OdpowiedzUsuńCzekam na kolejny rozdział, pozdrawiam :)
cudny <333
OdpowiedzUsuńnie lubię Ann, dobrze, że Magda umie się postawić :))
No i dobrze powiedziała tej całej Ann. Wstrętna baba ;/
OdpowiedzUsuńWszystkiego, co najlepsze w 2014 <3
Boski rozdział! ;3 Mam nadzieję że Ann więcej nie będzie wytykać czegoś Magdzie. Oby ten wyjazd dobrze im przebiegł. Czekam na następny!
OdpowiedzUsuńBuziaczki ;*
Świetny rozdział :) Dobrze, że się tak odgryzła Ann, wredna baba z tej modeleczki :/
OdpowiedzUsuńPozdrawiam i wszystkiego najlepszego w Nowym Roku :)
Uf dobrze, że zajrzałam...
OdpowiedzUsuńI już nadrobiłam zaległości ^^
I powiem ci, że wszystko super, fajnie, ale trochę martwi mnie akcja z tym kolegą z pracy -_-
Świetny pomysł na Sylwestra ;D
Jak dla mnie ro dziwna jest ta Ann...irytująca...taka gwiazdeczka, jakoś nie sądzę, żeby Magda znalazła z nią wspólny język...wredna :/ żeby jej tylko nic nie namieszała...
Wszystkiego dobrego w Nowym Roku :*
Proszę informuj mnie o nowych rozdziałach...:)
dziękuję i nawzajem :)
UsuńCoś czuję, że mogą być spięcia Magdy z Ann. Nie trawię takich dziewczyn, które wywyższają się. Mam nadzieję, że nie namiesza.
OdpowiedzUsuńCzekam na kolejny!
Zapraszam również do siebie.
Dobra kochana! Po pierwsze, najmocniej, z całego mojego serducha Cię przepraszam, że dopiero komentuję u Ciebie! Od jakiś 3-4 dni nadrabiam wszystko co mam zaległe na każdym blogu i dzisiejszego wieczora, a właściwie to już nocy udało mi się wyjść na prostą!
OdpowiedzUsuńJestem pod wrażeniem! Bardzo ciesze się, że Magda i Marco są razem. Bardzo do siebie pasują i oboje są niesamowicie słodcy razem! Cathy? myślę, że okaże się być dobrą znajomą dla Meg. Ja partnerkę Matsa lubię, więc pewnie i dlatego od razu polubiłam ja w Twoim opowiadaniu :) No a Ann? Hmm, wkurzyła mnie tymi tekstami do Polki. Dobrze, że ta nie dała sobie w kasze dmuchać!
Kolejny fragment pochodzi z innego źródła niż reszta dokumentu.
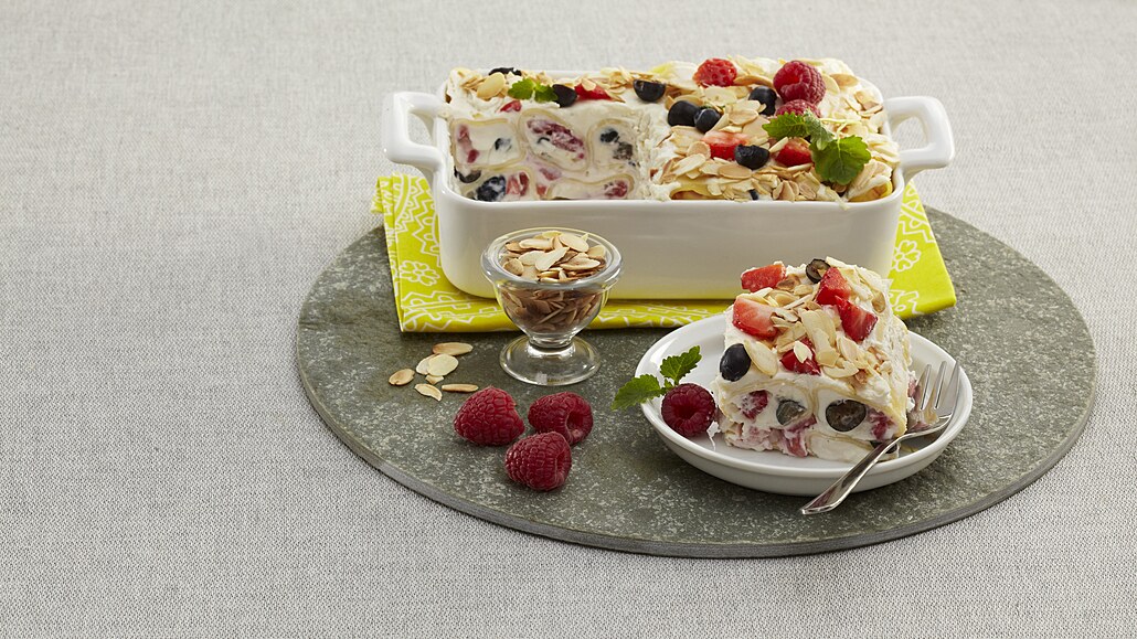- Na vrstvu těstovin rozetřeme část zbylého krému a poklademe ho dalšími naplněnými cannellonami. Nakonec je potřeme zbytkem krému a posypeme opraženými plátky mandlí. Na závěr těstoviny poklademe zbylým ovocem a necháme ztuhnout v chladničce alespoň 3 hodiny. Dozdobíme meduňkou a podáváme.
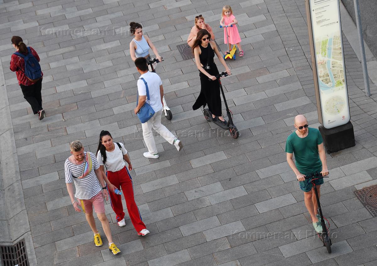 Виды Москвы. Жанровая фотография. Парковка самокатов возле ресторана Il Patio.
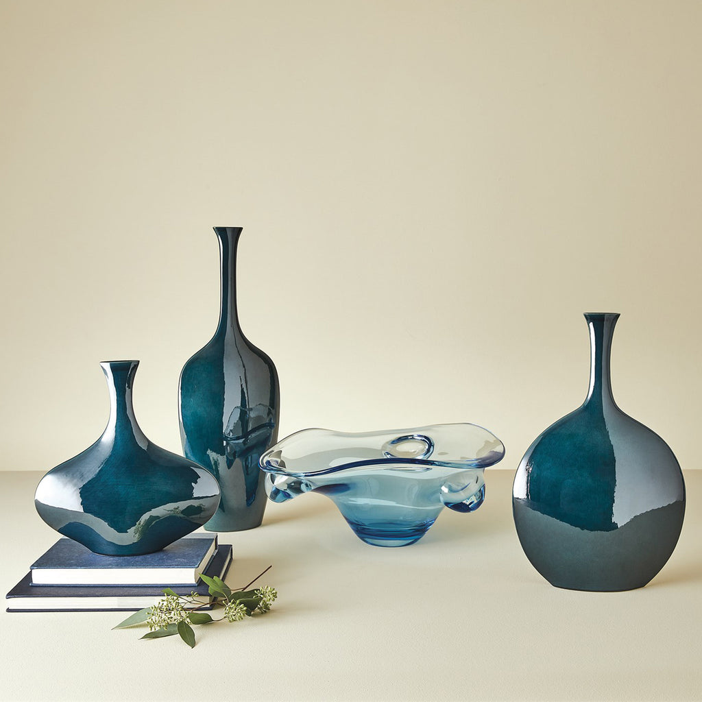 The Triple Bubble Bowl is handcrafted in a small art glass factory in southeastern Poland. Skilled artisans begin by forming the blue glass in a mold, then use a round tool to carefully push through the bowl walls, creating three distinctive bubble details. Finally, the glass is annealed for over 24 hours to ensure a gradual cooling process. Each piece is unique, so variations in shape and color may occur, making every bowl a one-of-a-kind work of art.
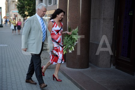 Saeimas deputāts Valdis Zatlers ar kundzi Lilitu ierodas uz Rīgas un ...
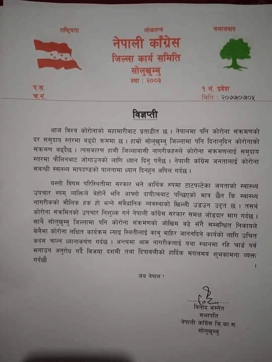 पछिल्लो समय सोलुखुम्बु जिल्लामा पनि कोरोना संक्रमण बढ्दै गएको उल्लेख गर्दै सभापति बस्नेतले स्थितिलाई काबुभन्दा बाहिर जान नदिन कोरोना लक्षित कार्यक्रम ल्याएर समयमै नियन्त्रण का लागि सम्बन्धित निकायको ध्यानाकर्षण समेत गराएका छन। कोरोनालाइ समुदायस्तरमा फैलन नदिन जिल्लाबासी नागरिकहरुलाइ सचेत हुन आग्रह गर्दै जारी बिज्ञप्तिमा कोरोना सम्बन्धी स्वास्थ्य मापदण्डको पूर्ण पालना गर्न जिल्लाबासीहरुलाइ अपिल पनि गरिएको छ।कांग्रेसले यथास्थानमा नै रहेर चाडपर्व मनाउन पनि जिल्लाबासीहरुलाइ आग्रह गरेको छ।
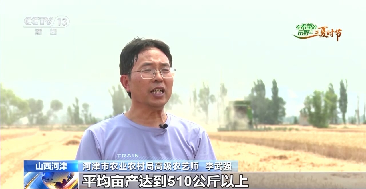 河津市農(nóng)業(yè)農(nóng)村局高級農(nóng)藝師 李武強(qiáng):示范基地的小麥估計一周左右全部收完,平均畝產(chǎn)達(dá)到510公斤以上,較去年增產(chǎn)8%。下一步,將持續(xù)加大實用技術(shù)應(yīng)用,努力實現(xiàn)‘收到手’到‘收得好’轉(zhuǎn)變。

Buziaki! Ściskam mocno kochana i raz jeszcze bardzo przepraszam♥ :*
nie szkodzi, rozumiem :)
UsuńPozdrawiam ;*
Świetny rozdział:D jakoś nie trawię tej Ann... pozdrawiam i w wolnej chwili zapraszam do siebie!
OdpowiedzUsuńświetne opowiadanie.. ta Ann mnie irytuję. Zastanawiam się, czy czasem nie zamiesza za bardzo w życiu Magdy i Marco. ;) czekam na dalsze części :)) Szczęśliwego Nowego Roku !
OdpowiedzUsuń+zapraszam na
http://posylamusmiech.blogspot.com/
dzięki. :)
UsuńZapraszam na nowy : http://broken--trust-and-broken-hearts.blogspot.com
OdpowiedzUsuńŚwietny rozdział. :) Kiedy następny ? :D
OdpowiedzUsuńdziękuję :)
UsuńMyślę, że w najbliższych dniach lub jeśli mi się uda go dokończyć to jeszcze dzisiaj :)
Ann, zachowała się jak jędza, którą bez zwątpienia jest. Nie miała nawet na tyle kultury, żeby poprosić Marco na rozmowę gdzieś na osobności, a powiedziała to mu kiedy Magda poszła kilkanaście metrów dalej do łazienki. Marco ma rację - nie znając Magdy Ann nie miała prawa jej oceniać, ba oceniać - krytykować! Dobrze, że wstawił się za swoją wybraną i zgodził na zamianę pokoi - tak spokojnie mogli oddać się przygotowaniom do Sylwestra, który jak widać okazał się strzałem w dziesiątkę ;)
OdpowiedzUsuńKorzystając z okazji na www.pocalunki-cial.blogspot.com , po dłuższej przerwie, pojawił się nowy odcinek. Serdecznie zapraszam i pozdrawiam ;)
Przepraszam, ze opuściłam tyle rozdziałów ale melduję, ze wszystkie juz nadrobiłam!
OdpowiedzUsuńMatko! To jest boskie!
Nie kończ nigdy tego opowiadania bo je kocham!